## [Directions]
What is needed is the exact text of each line in the listing below from the one with "第8条 前条の規定による交付" up to and including the one with "جزى اللَّه بالخيرات", and no pictures.

## [Data in this exercise]

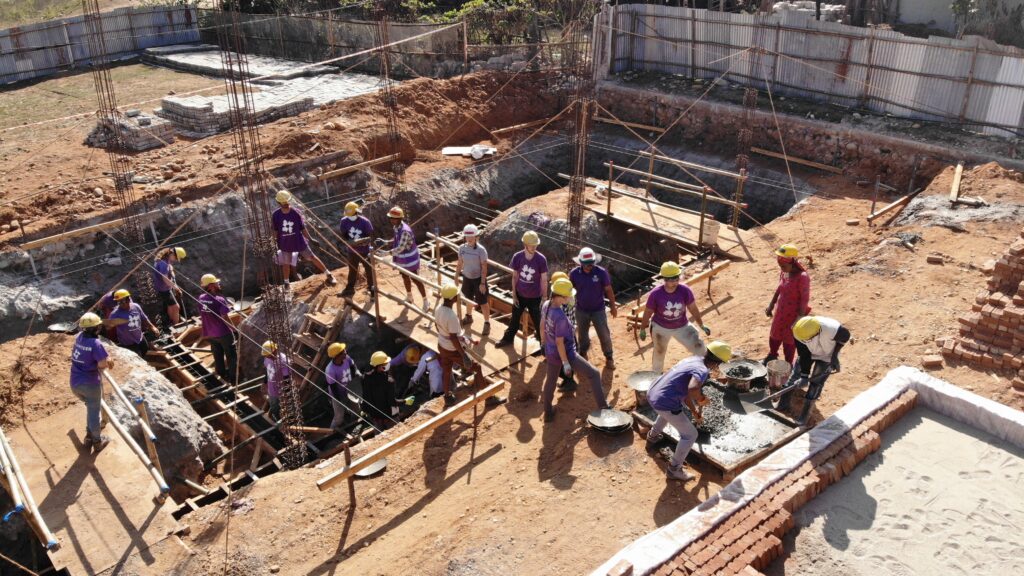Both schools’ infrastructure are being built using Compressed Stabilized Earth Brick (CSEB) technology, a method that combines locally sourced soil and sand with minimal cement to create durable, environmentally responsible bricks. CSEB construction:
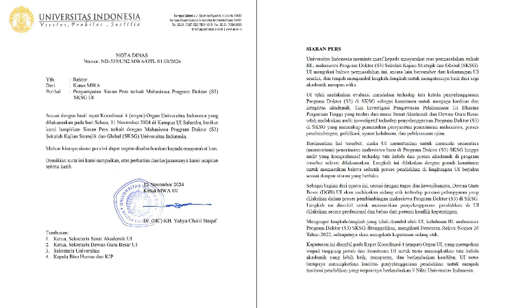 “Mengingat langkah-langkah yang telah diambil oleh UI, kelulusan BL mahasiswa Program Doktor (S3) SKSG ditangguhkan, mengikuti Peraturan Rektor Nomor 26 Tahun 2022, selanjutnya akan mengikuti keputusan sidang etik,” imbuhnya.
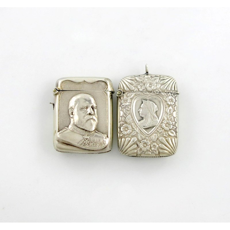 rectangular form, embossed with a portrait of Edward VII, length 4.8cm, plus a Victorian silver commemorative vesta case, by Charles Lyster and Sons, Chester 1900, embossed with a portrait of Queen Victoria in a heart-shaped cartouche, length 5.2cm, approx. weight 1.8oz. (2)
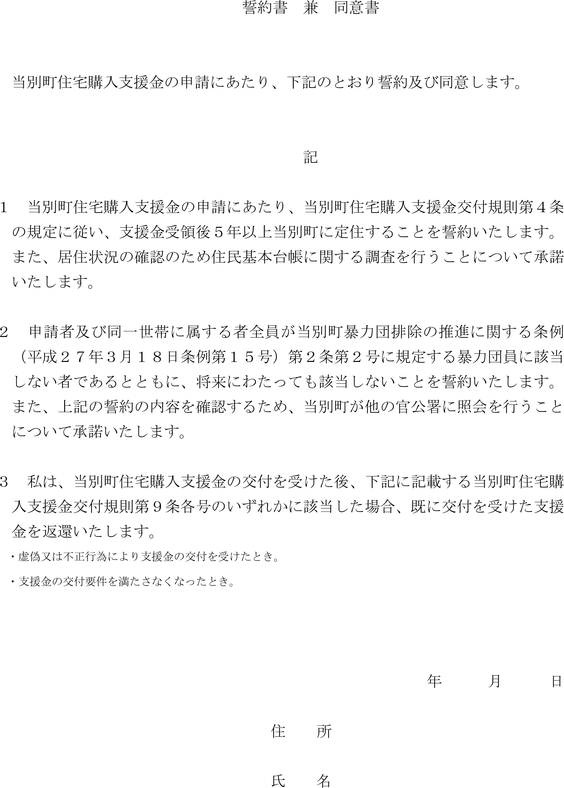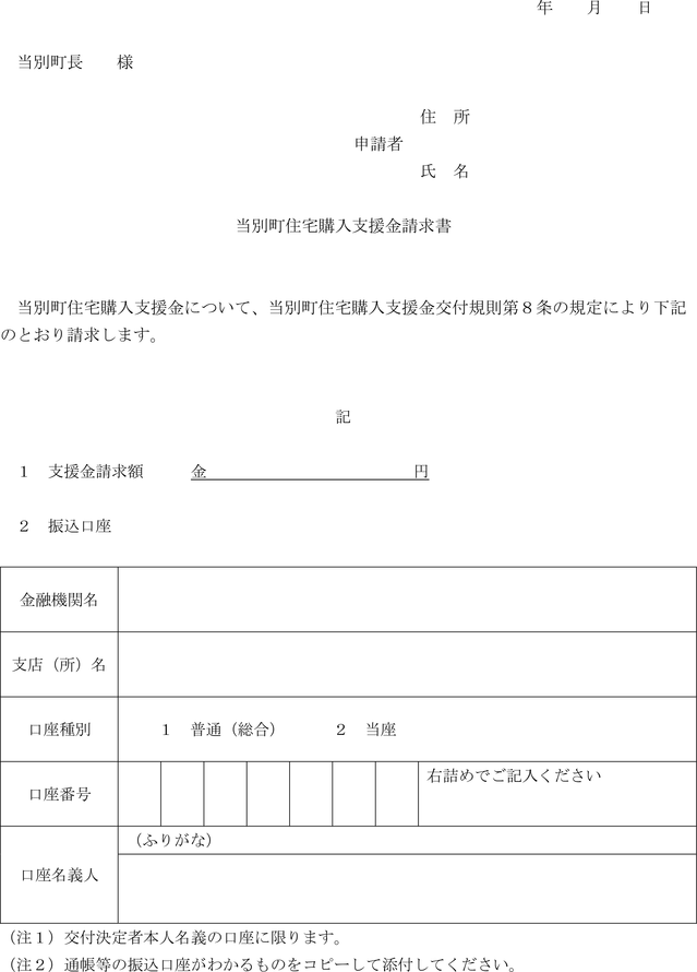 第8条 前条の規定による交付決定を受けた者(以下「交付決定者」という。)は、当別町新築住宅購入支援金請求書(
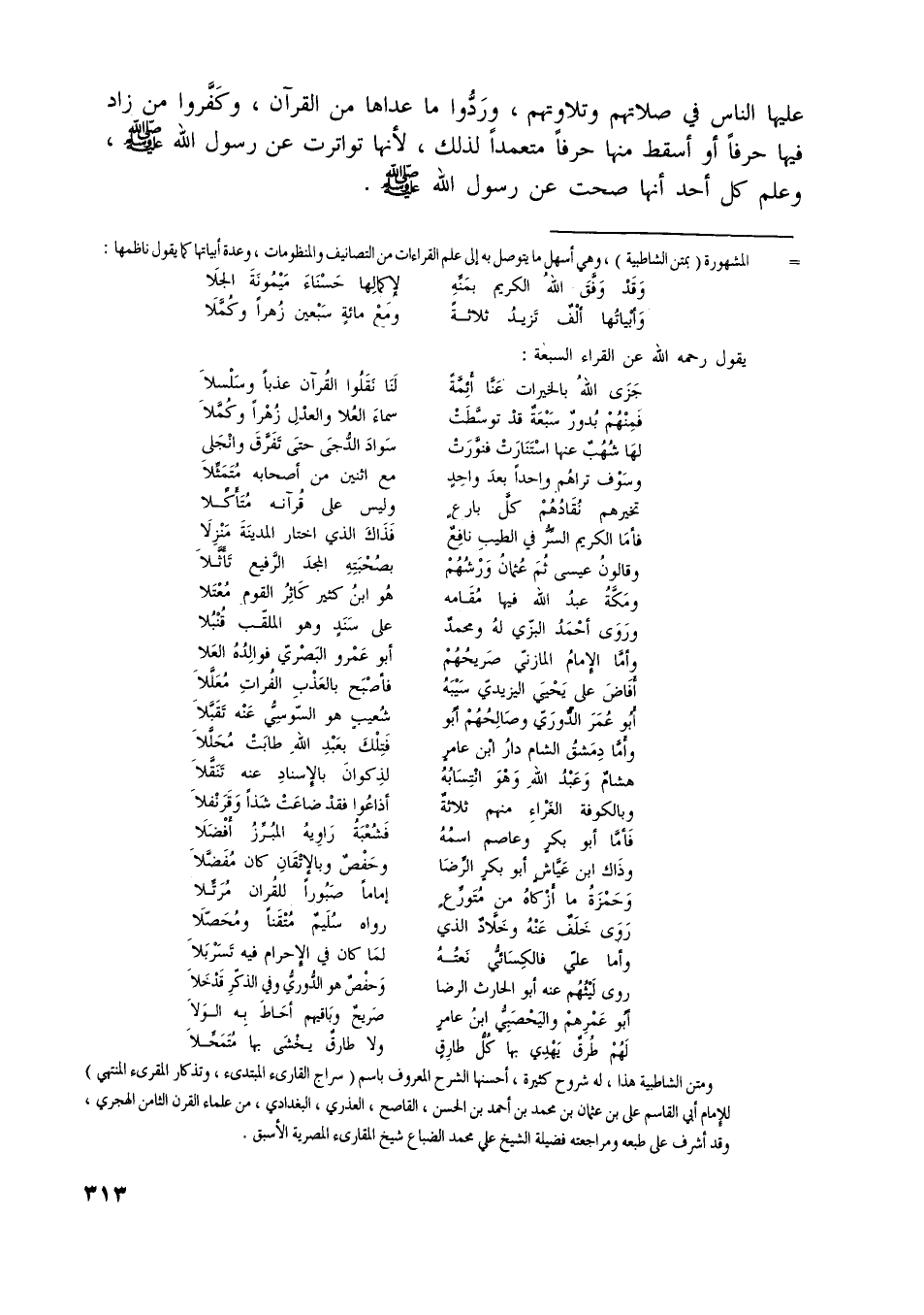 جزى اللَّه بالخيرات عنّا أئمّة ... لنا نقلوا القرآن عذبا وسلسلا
---
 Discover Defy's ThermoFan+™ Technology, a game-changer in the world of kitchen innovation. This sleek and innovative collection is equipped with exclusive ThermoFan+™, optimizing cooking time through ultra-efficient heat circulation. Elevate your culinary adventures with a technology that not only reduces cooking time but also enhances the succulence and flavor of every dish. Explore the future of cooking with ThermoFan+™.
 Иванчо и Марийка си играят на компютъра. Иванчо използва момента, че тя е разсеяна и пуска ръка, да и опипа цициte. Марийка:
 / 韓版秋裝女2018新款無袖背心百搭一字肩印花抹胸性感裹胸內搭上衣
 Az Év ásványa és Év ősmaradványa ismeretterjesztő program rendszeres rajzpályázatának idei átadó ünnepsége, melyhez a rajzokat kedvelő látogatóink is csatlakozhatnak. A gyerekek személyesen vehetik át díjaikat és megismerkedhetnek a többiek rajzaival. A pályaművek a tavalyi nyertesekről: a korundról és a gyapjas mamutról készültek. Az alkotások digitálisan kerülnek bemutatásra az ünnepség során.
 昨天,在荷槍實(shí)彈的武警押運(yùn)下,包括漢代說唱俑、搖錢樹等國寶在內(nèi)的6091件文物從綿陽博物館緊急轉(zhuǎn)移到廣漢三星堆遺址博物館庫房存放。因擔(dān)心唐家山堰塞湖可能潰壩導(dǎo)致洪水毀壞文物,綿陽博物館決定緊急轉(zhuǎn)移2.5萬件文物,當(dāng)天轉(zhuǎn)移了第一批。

## [Exercise response]
 第8条 前条の規定による交付決定を受けた者(以下「交付決定者」という。)は、当別町新築住宅購入支援金請求書(
 جزى اللَّه بالخيرات عنّا أئمّة ... لنا نقلوا القرآن عذبا وسلسلا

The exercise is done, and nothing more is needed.